Reading War And Peace

As you may have noticed, I am currently reading War And Peace by Leo Tolstoy. I found a copy of the Penguin Classics edition at Barnes & Noble for $3.99 (normally $16), so I bought it thinking, "Some day, I am going to read War And Peace." Why now, you may ask? The simple answer is that I want to be able to say I have read it, nothing more. I read Anna Karinina years ago and did not enjoy it very much, so I figured my literary flirtation with Tolstoy was finished without having to read one of the longest (and, according to some, one of the most boring) novels in literature, but I was having a hard time deciding what to read after finishing Focault's Pendulum by Umberto Eco (weird book) and I figured there is no time like the present and grabbed the huge tome off of the shelf.
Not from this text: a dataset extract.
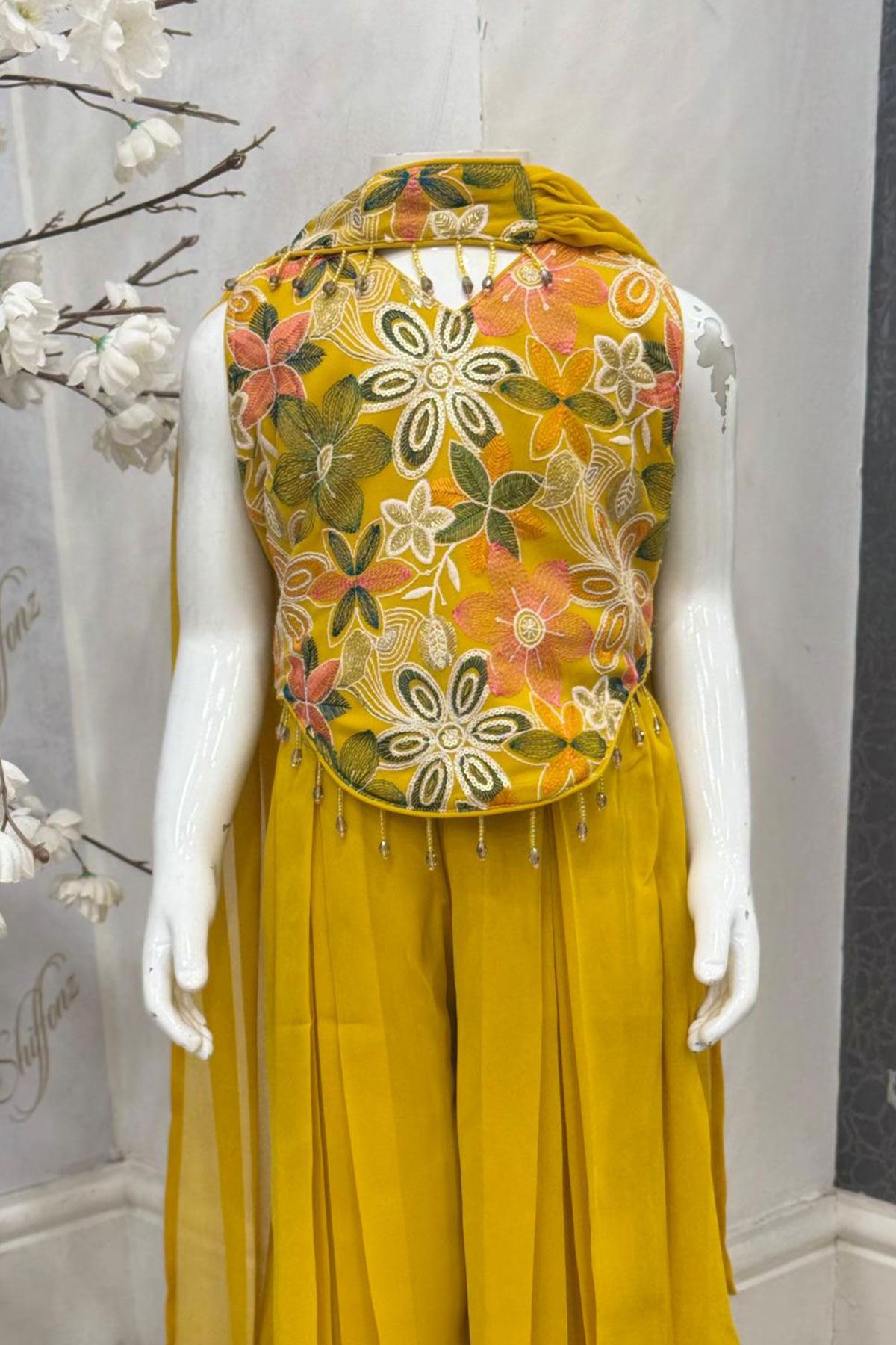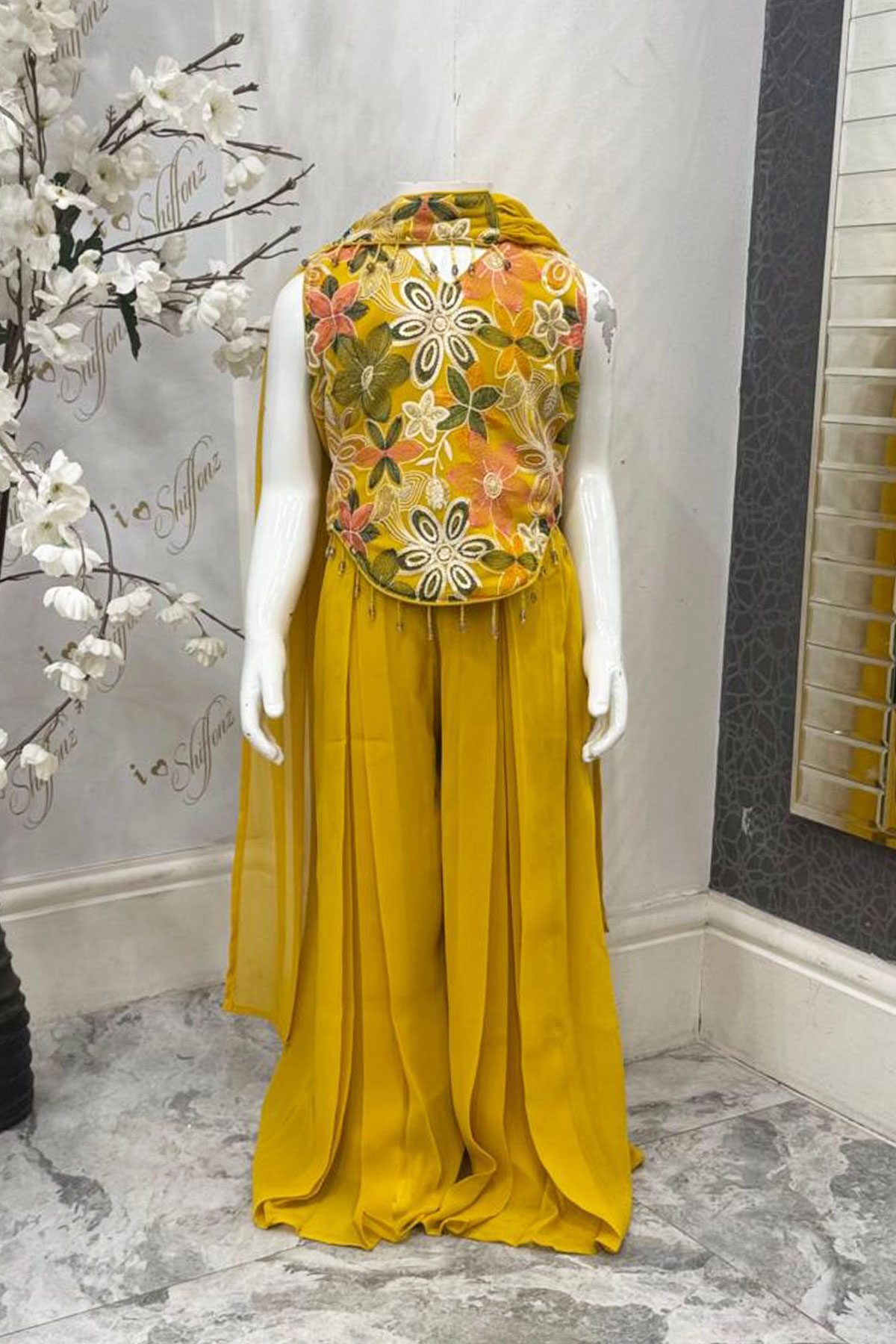 This beautiful outfit is crafted from luxurious chiffon, featuring an intricately embroidered sleeveless top paired with a flowy sharara for a trendy yet traditional look. The set is completed with a lightweight chiffon dupatta, adding an elegant finishing touch. Perfect for weddings, festive occasions, and formal gatherings, this ensemble blends sophistication with comfort.
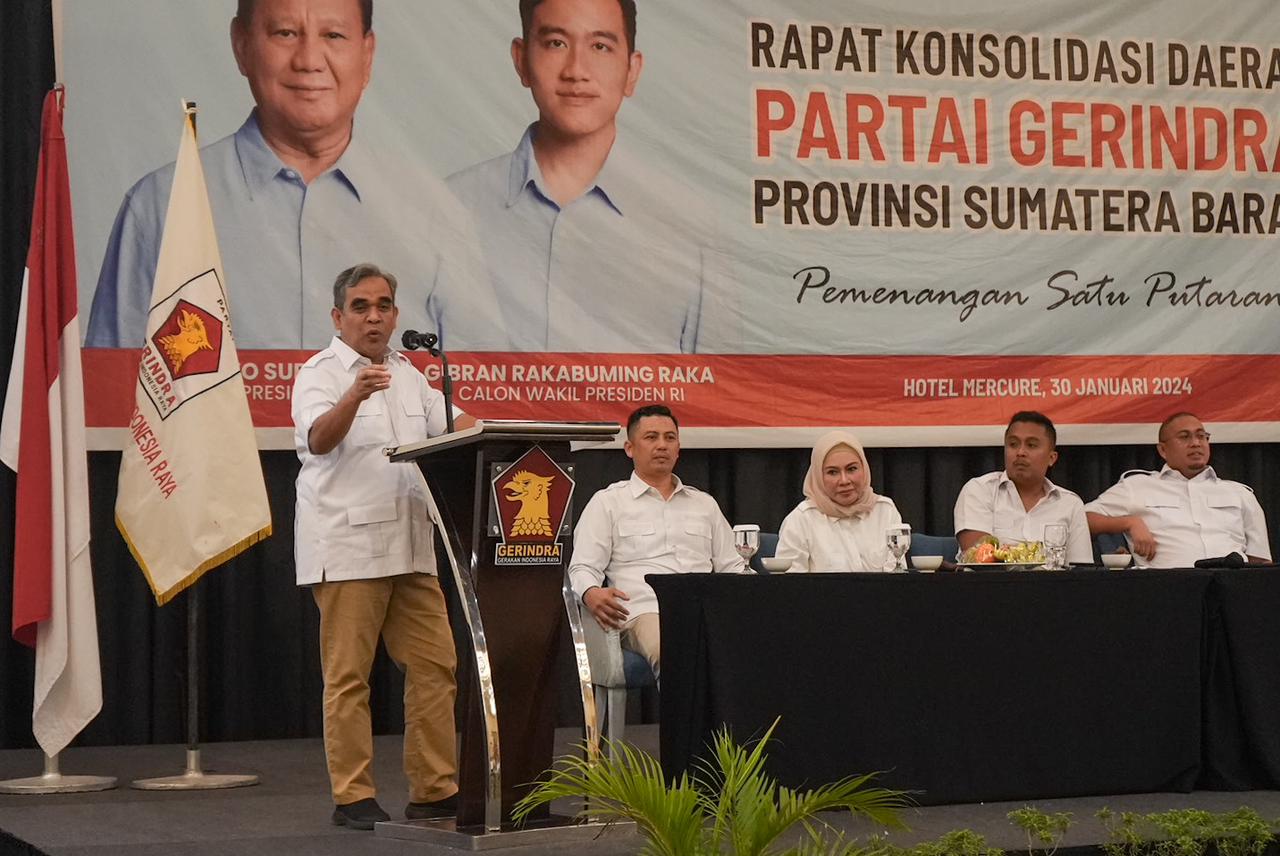 Sekjen Partai Gerindra Ahmad Muzani menghadiri konsolidasi Pemenangan Satu Putaran bersama kader Gerindra Sumatera Barat pada Selasa (30/1). Dalam sambutannya, Muzani menegaskan bahwa Sumatera Barat masih menjadi kandang atau basis pemilih Prabowo di Pilpres 2024.

I am over 250 pages into it (1444 pages total) and I find it reads much like any Victorian English novel. This is partly due to the translator being English, I am sure, but the situations and characters remind me of similar characters encountered in books by Dickens, Hardy, and Eliot, among others. It seems the struggles of the human condition are more universal than some would have us believe. I have not found it enthralling, but I have not found it tedious either. It has been interesting and I anticipate it being no harder to get through that other lengthy novels I have read, such as The Count Of Monte Cristo (the unabridged version) and Les Miserables (again, the unabridged version). I ended up enjoying both of those very much, though they did take awhile.

By the end of the year, if someone ever asks if I have read War And Peace, I hope to be able to reply, "Why yes, I have, and Moby Dick as well." That's another book I approached with some trepidation, but figured it couldn't be as bad as I had heard, and I found it was quite enjoyable. I may not have any impressive talents, but I can read long books with the best.